Эта заутреня была единственной, отслуженной на Соловецкой каторге. Позже говорили, что её разрешение было вызвано желанием ОГПУ блеснуть перед Западом «гуманностью и веротерпимостью».

Её я не забуду никогда.

Утешительный поп

Фамилии его я не помню, да и немногие знали её на Соловках. Она была не нужна, потому что Утешительного попа, отца Никодима, и без неё знали не только в кремлёвском муравейнике, но и в Муксоломском богоспасаемом затишье, и в Савватиеве, и на Анзере, и на мелких, затерянных в дебрях командировках. Так сложилась его соловецкая судьбина – везде побывал.

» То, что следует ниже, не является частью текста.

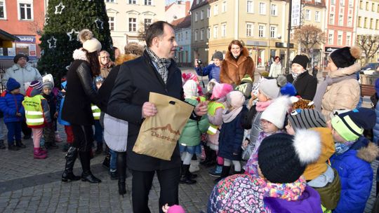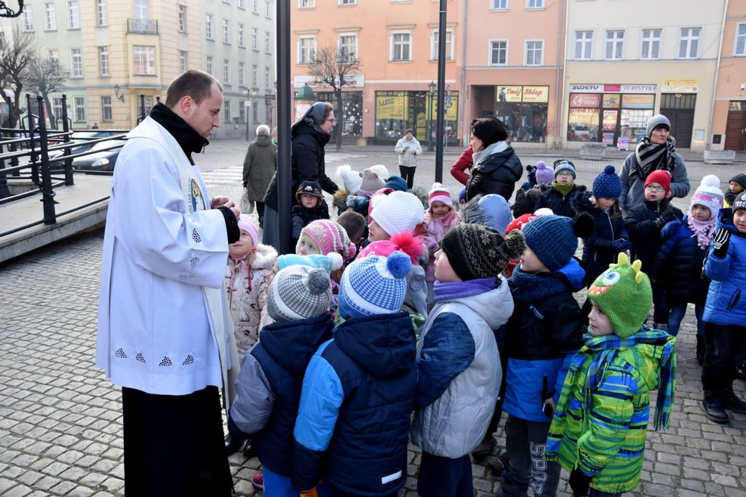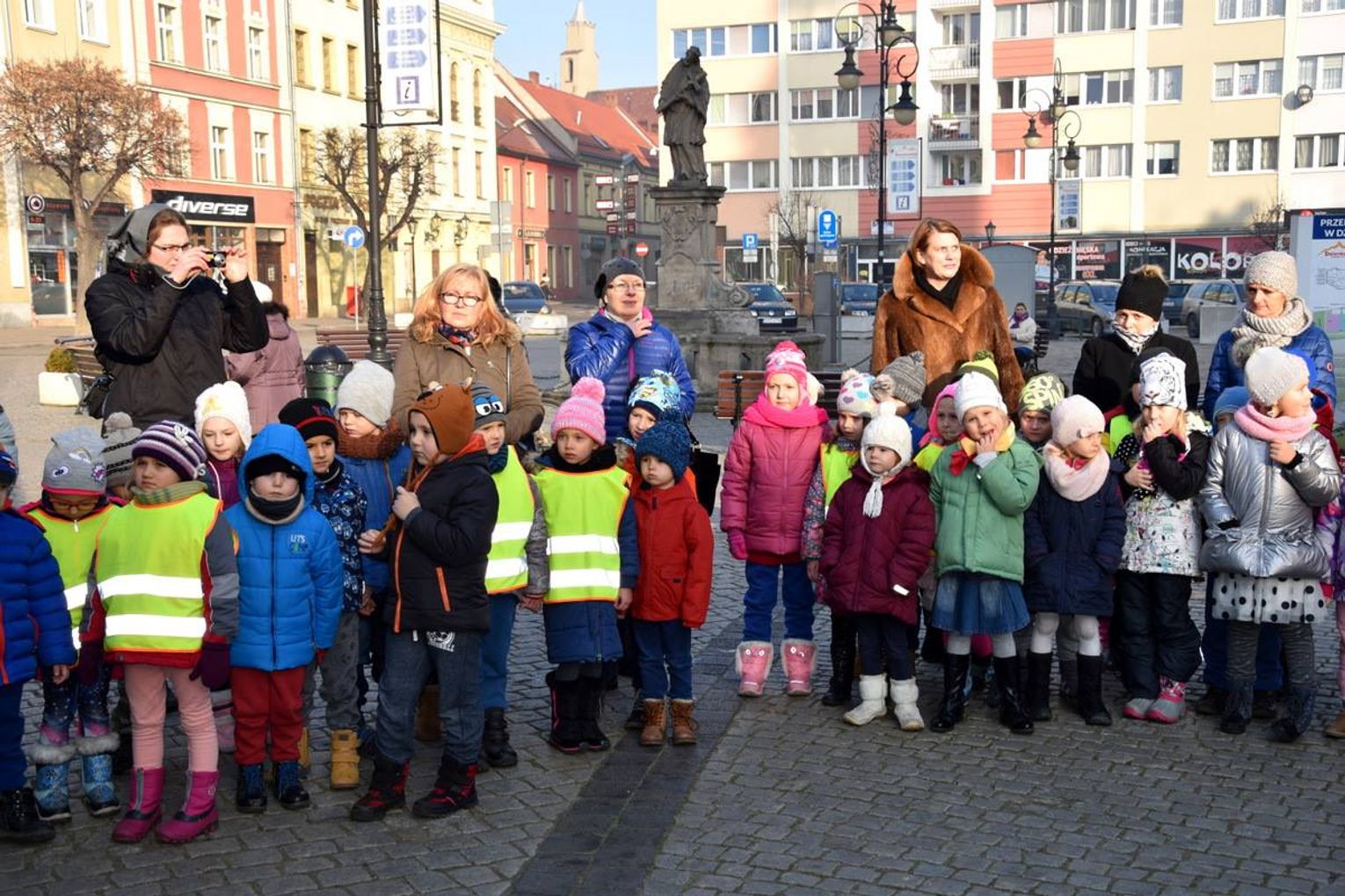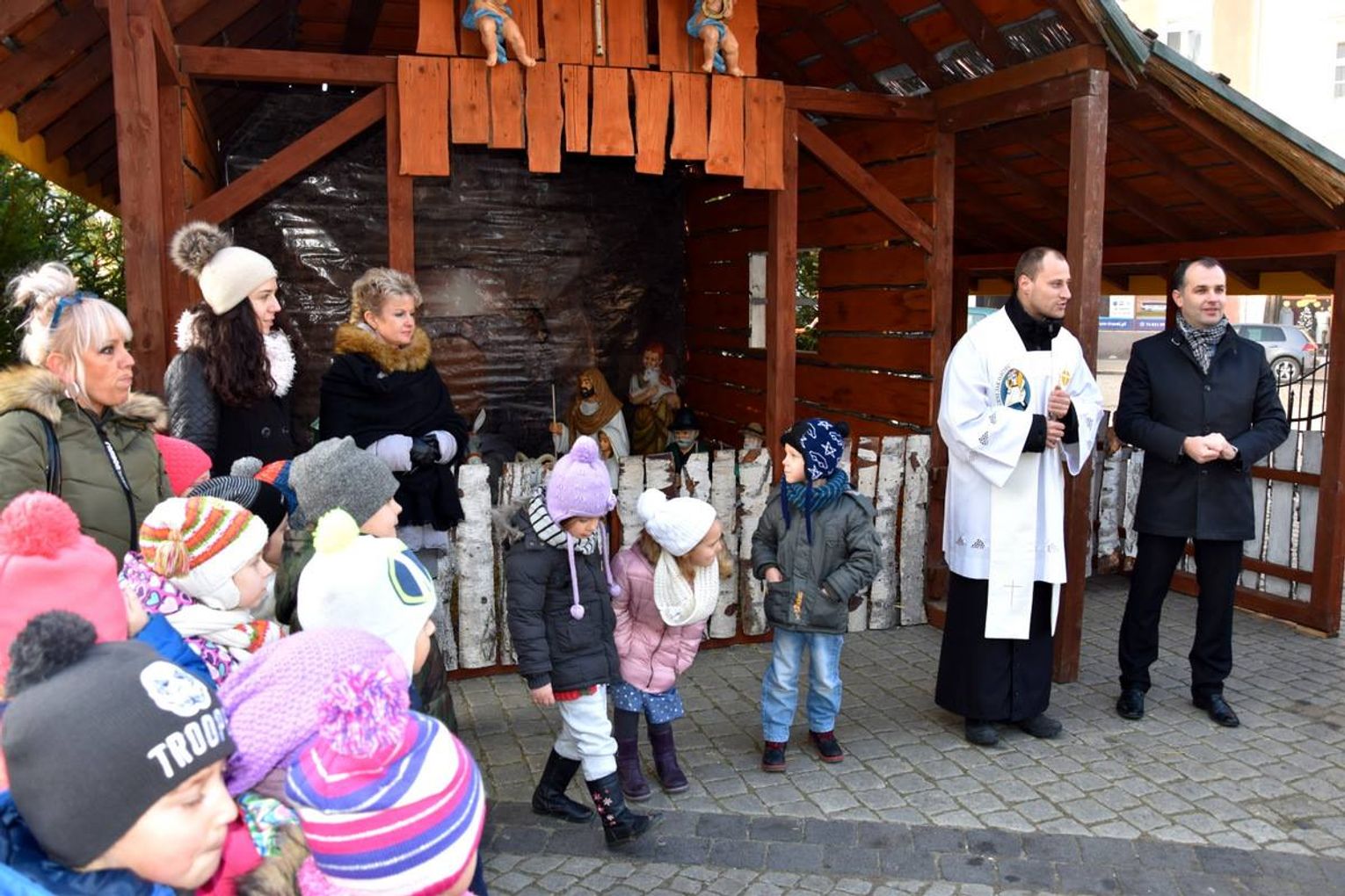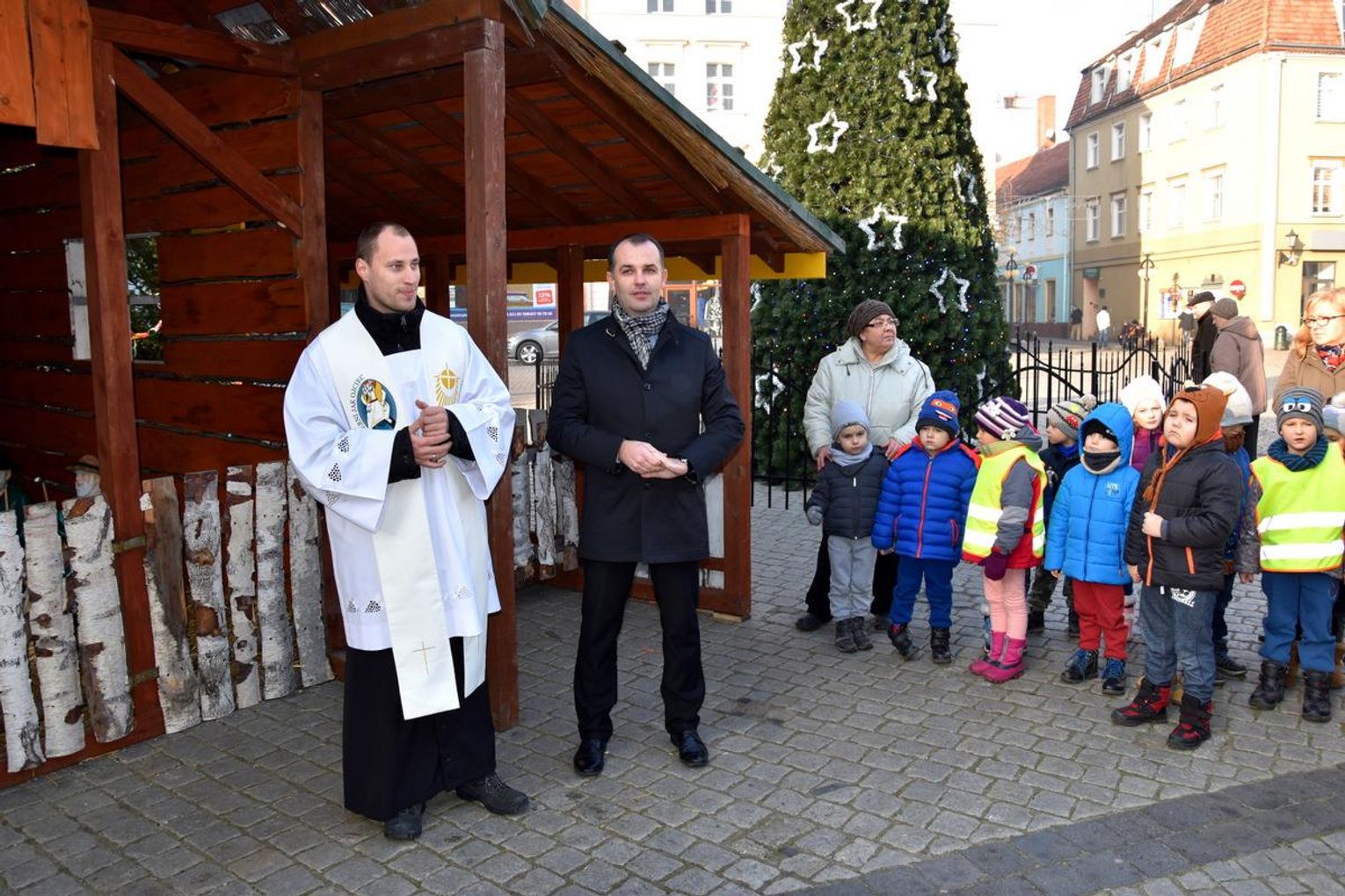 Za swój wysiłek przedszkolaki zostały nagrodzone torbami pełnymi słodkości. Otrzymały je po oficjalnym poświęceniu stojącej na rynku szopki, którego dokonał ks. Sebastian Oliszewski z parafii pw. św. Jerzego i po wspólnym odśpiewaniu kolędy. A nawet najmłodsze dzieci poradziły z tym sobie doskonale.

Ссыльное духовенство – архиереи, священники, монахи, – прибыв на остров и пройдя обязательный стаж общих работ и жительства в Преображенском соборе, обычно размещалось в шестой роте, относительно привилегированной, освобождённой от поверок и имевшей право выхода из кремля. Но, для того чтобы попасть в неё, одного духовного сана было мало, надо было запастись и соответствующей статьёй, каравшей за антисоветскую агитацию, преступное сообщество, шпионаж или какое-нибудь иное контрреволюционное действие, а отец Никодим был осуждён Полтавской тройкой НКВД за преступление по должности. Вот именно это отсутствие какой-либо контрреволюции в прошлой жизни отца Никодима и закрывало ему двери в тихий, спокойный приют.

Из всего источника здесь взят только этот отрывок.